В своем дневнике она записала все, что пришлось испытать в тот день, в общем-то самый обычный день писательской жены.
«…фининспектор, зверь по фамилии Птицын, уперся с отсрочкой платежа и тут же проглотил сразу большую часть взятых сегодня авансов. Но это было неизбежно, как судьба. Огорчаться и сетовать было глупо».
Но основные и неотложные задачи оказалось решить проще, чем те, которые можно было бы отнести к прихотям. И Наталья Васильевна рассказала:
«Исполнив все мелкие поручения, я занялась миногами, и по сравнению с той затратой сил и энергии, какая ушла на них, все остальное мне показалось пустяком. Миног не было нигде. Ни в живорыбных садках, ни на базарах, ни в магазинах. Что делать? Уже в пятом часу кто-то из знакомых, встреченных на улице, догадался послать меня на Клинский рынок, где я нашла наконец эту рыбу. На радостях я накупила ее столько, что едва смогла донести до трамвая. На одной руке у меня висела сумка с вином, на другой – сумка с миногами, сверток с ними же был зажат под мышкой. Взбудораженная неожиданной удачей, я не замечала тяжестей; я представляла себе, как будет доволен Алеша.

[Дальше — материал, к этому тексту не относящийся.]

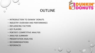 The document provides an analysis of Dunkin' Donuts within the coffee industry using Porter's Five Forces model. It discusses the competitiveness of the market, highlighting factors such as the bargaining power of buyers and suppliers, threats from new entrants and substitutes, and rivalry among existing players. Key opportunities for Dunkin' include improving product quality, enhancing customer relations, and creating differentiation to maintain competitiveness against major rivals like Starbucks.

Подъезжая к вокзалу, я взглянула на часы. Две минуты до отхода поезда. Я приготовилась спрыгнуть с подножки; сзади кто-то подтолкнул меня деревянным сундуком, я полетела прямо в грязь, в талый снег на мостовой. Милиционер помог мне подняться. Промокшая, с разбитой коленкой я подбирала свои миноги, рассыпанные на мостовой. Тут же багровела в снегу лужа вокруг разбитой бутылки мукузани.
Уминая в сумку миноги, погружая руки в эту скользкую, змеиную кашу, я плакала от омерзения к ней, от жалости к себе, от обиды.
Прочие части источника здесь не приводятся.